AI in Depth: Cloud Dataproc meets TensorFlow on YARN: Let TonY help you train right in your cluster
Gonzalo Gasca Meza
Developer Programs Engineer, Google
Keqiu Hu
Staff Software Engineer, LinkedIn
Apache Hadoop has become an established and long-running framework for distributed storage and data processing. Google’s Cloud Dataproc is a fast, easy-to-use, fully managed cloud service for running Apache Spark and Apache Hadoop clusters in a simple, cost-efficient way. With Cloud Dataproc, you can set up a distributed storage platform without worrying about the underlying infrastructure. But what if you want to train TensorFlow workloads directly on your distributed data store?
This post will explain how to install a Hadoop cluster for LinkedIn open-source project TonY (TensorFlow on YARN). You will deploy a Hadoop cluster using Cloud Dataproc and TonY to launch a distributed machine learning job. We’ll explore how you can use two of the most popular machine learning frameworks: TensorFlow and PyTorch.

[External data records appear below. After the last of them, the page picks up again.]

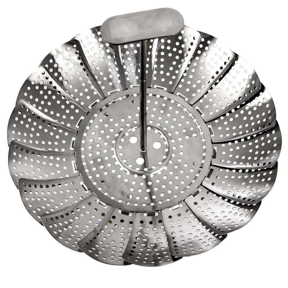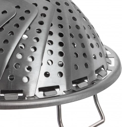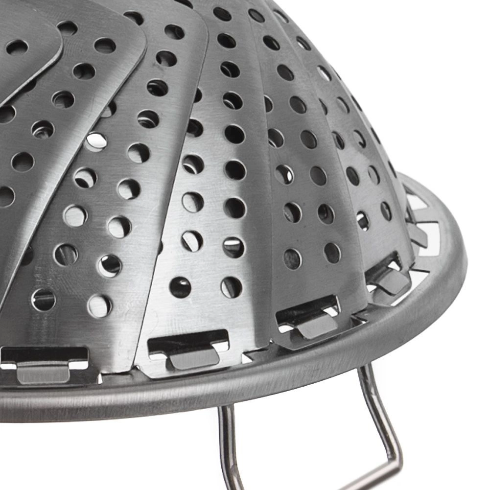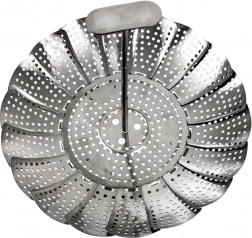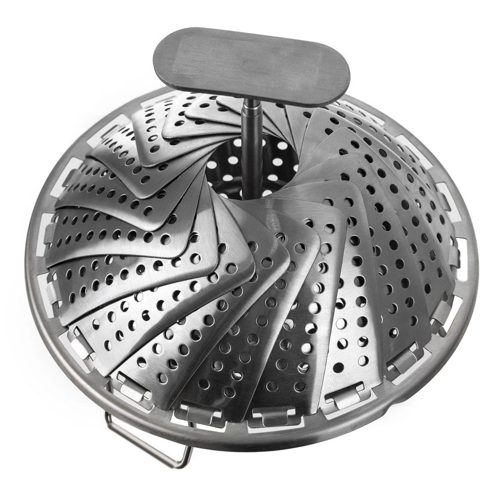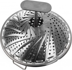 Praktyczny składany parownik z wysokiej jakości stali nierdzewnej jest idealny do przygotowywania potraw na parze. Rozsuwana średnica 14–23 cm umożliwia użycie w garnkach o różnej wielkości, a perforowane „listki” zapewniają równomierną cyrkulację pary i delikatną obróbkę żywności.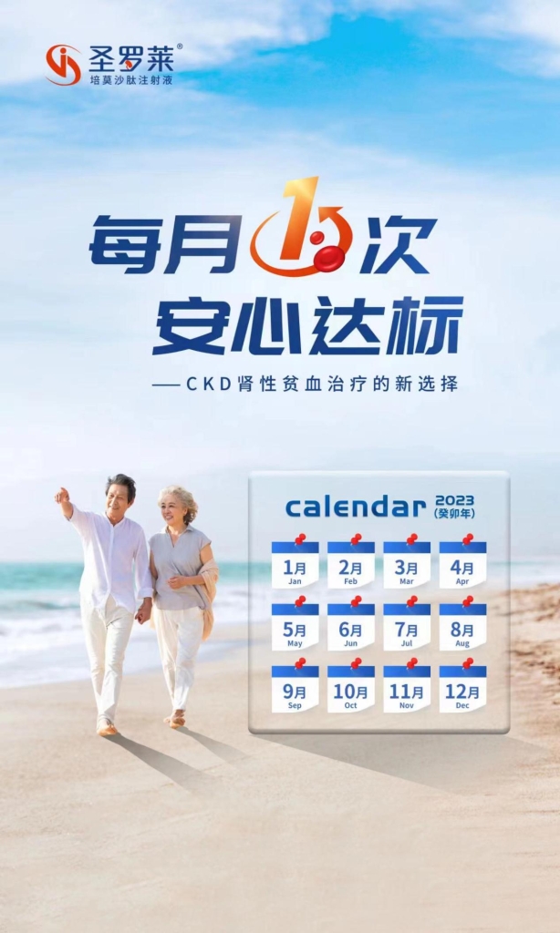圣罗莱®(培莫沙肽注射液)是ob體育官網自主研发的“全球唯一EPO受体高特异性小多肽月激动剂”,2023年6月获国家药品监督管理局(NMPA)批准上市,适用于治疗因慢性肾脏病(CKD)引起的贫血,包括未接受红细胞生成刺激剂(ESA)治疗的成人非透析患者,及正在接受短效促红细胞生成素(EPO)治疗的成人透析患者。圣罗莱®是ob體育官網获批上市的第7款创新药,也是ob體育官網首款同时获批两项适应症的创新药。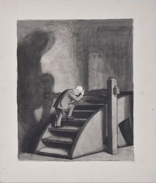 Man walking on a water wheel, ink with watercolour drawing on artists drawing board, signed in ink lower right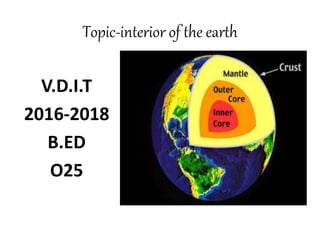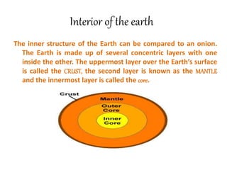 The document discusses the interior structure of the Earth. It is composed of three main layers - the crust, mantle, and core. The crust is the outermost layer and thinnest, made up of silicates. Below is the thick mantle layer, divided into upper and lower sections. The innermost layer is the core, made of iron and nickel. Rocks form the crust and are made of minerals - the basic building blocks. There are three main types of rocks: igneous formed from cooled magma, sedimentary formed from compressed sediments, and metamorphic formed from changes to pre-existing rocks under heat and pressure.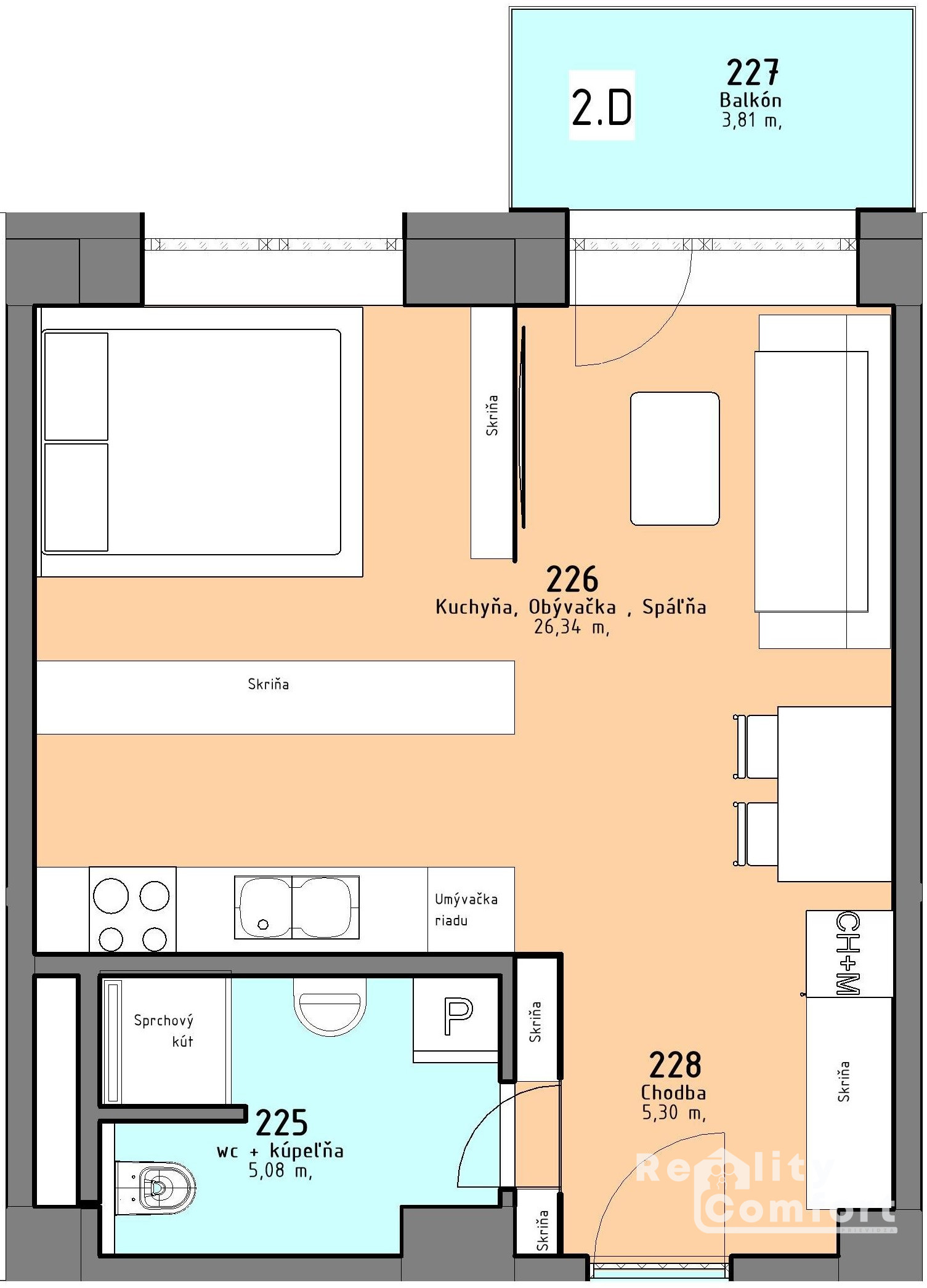 1,5-izbový Byt č. 6 na 1. poschodí s výmerou 40,48 m² ponúka dokonalý komfort v nadštandardnom prevedení.

TensorFlow supports distributed training, allowing portions of the model’s graph to be computed on different nodes. This distributed property can be used to split up computation to run on multiple servers in parallel. Orchestrating distributed TensorFlow is not a trivial task and not something that all data scientists and machine learning engineers have the expertise, or desire, to do—particularly since it must be done manually. TonY provides a flexible and sustainable way to bridge the gap between the analytics powers of distributed TensorFlow and the scaling powers of Hadoop. With TonY, you no longer need to configure your cluster specification manually, a task that can be tedious, especially for large clusters.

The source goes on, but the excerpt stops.